Payhawk’s CEO, Hristo Borisov, stated that the company is in continuous fundraising conversations to support its growth objectives. He mentioned that Payhawk’s recent growth has attracted interest from external investors, following a challenging period in 2022 and early 2023. While the company may consider raising a new venture round either in the current year or the next, its ultimate goal is to become a publicly listed company. Payhawk has secured investments from venture firms Lightspeed, Greenoaks, and Earlybird, raising a total of $240 million to date.

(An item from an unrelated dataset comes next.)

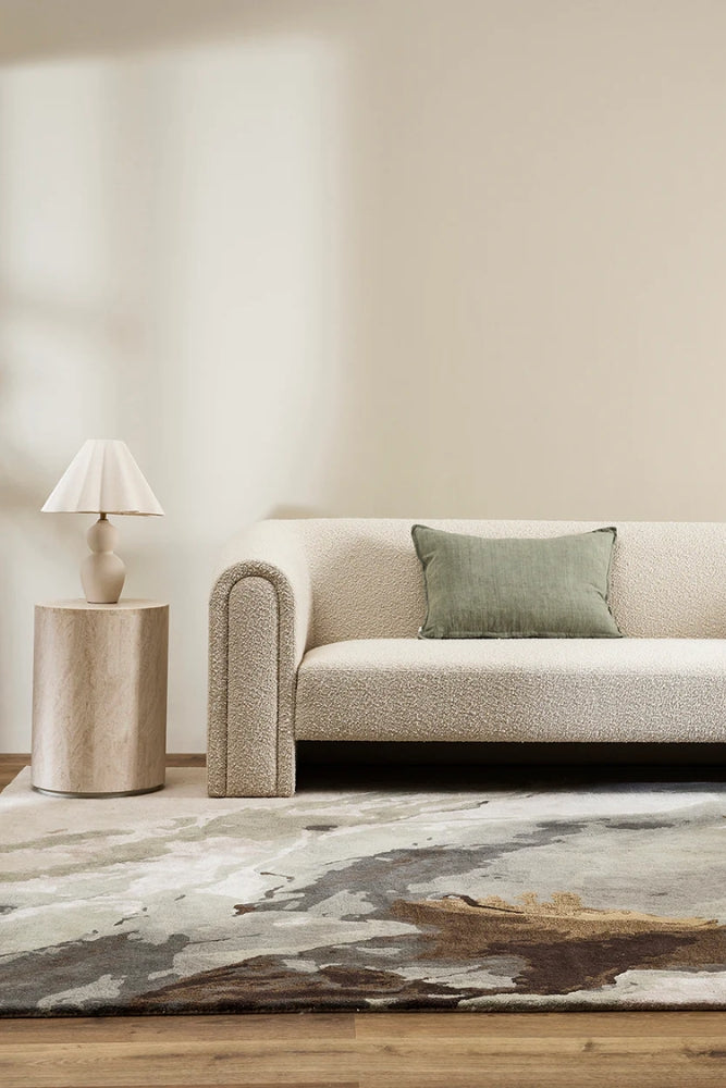 Inspired by aerial photography and geological layering, the Uluru is a stunning focal point to style your room around. Hand tufted in a soft wool-viscose blend, the muted tones of ivory, sage, grey and ochre are easily paired with complementary interior accents.
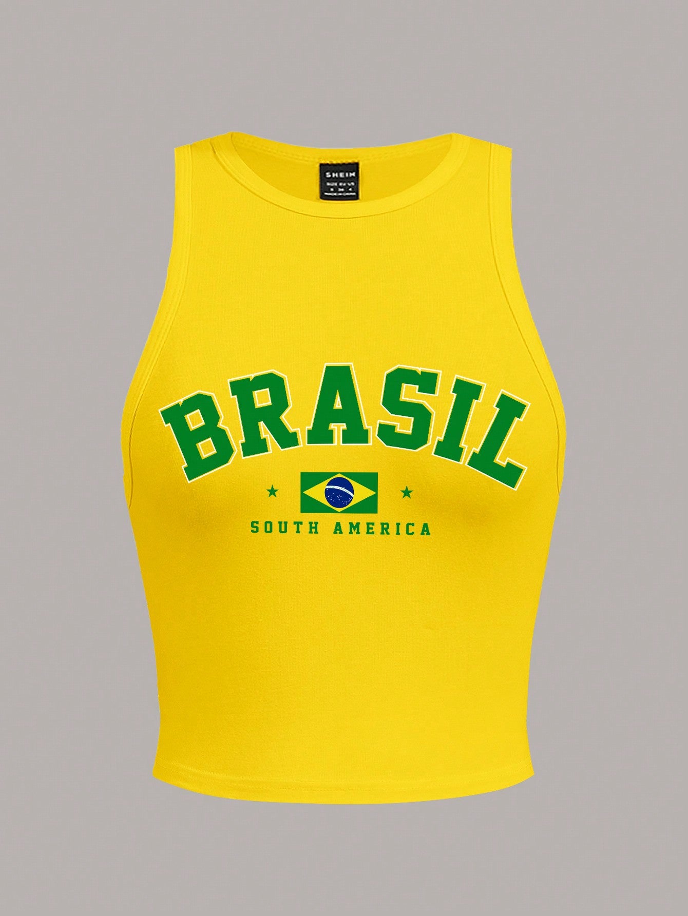 Slaydiva Casual Simple BRASIL Neckline Slim Fit Tank Top For Women, Summer Back To School

In the U.S. market, Payhawk has partnered with American Express under the Sync Commercial Partner Program, enabling the issuance of virtual cards that earn rewards based on user spending. The company aims to achieve better unit economics compared to competitors like Brex and Ramp, who are still exploring product-market fit for the evolving corporate payment market. Payhawk’s growth in the U.K. and globally has been fueled by a surge in customers and revenue, highlighting the potential for further expansion in the U.S. market through strategic acquisitions.

Borisov emphasized that market consolidation is anticipated in the corporate payment space, as businesses that were funded in recent years are now exploring strategic options. Payhawk’s vision is to offer a comprehensive platform that addresses all corporate expense needs through a single provider. By pursuing mergers and acquisitions, the company aims to establish a strong presence in the U.S. and solidify its position against established players like SAP and emerging competitors like Brex and Ramp.

While Payhawk’s immediate focus is on expanding its footprint in the U.S. through strategic acquisitions, the company’s long-term goal is to go public. Borisov expressed the firm’s commitment to an IPO, contingent on market conditions and realities. The company’s vision of providing a unified platform for corporate expense management underscores its ambition to become a publicly listed entity in the future. With ongoing fundraising efforts and support from investors who share its vision, Payhawk aims to realize its objective of becoming a leading player in the corporate payments industry and potentially entering the public market.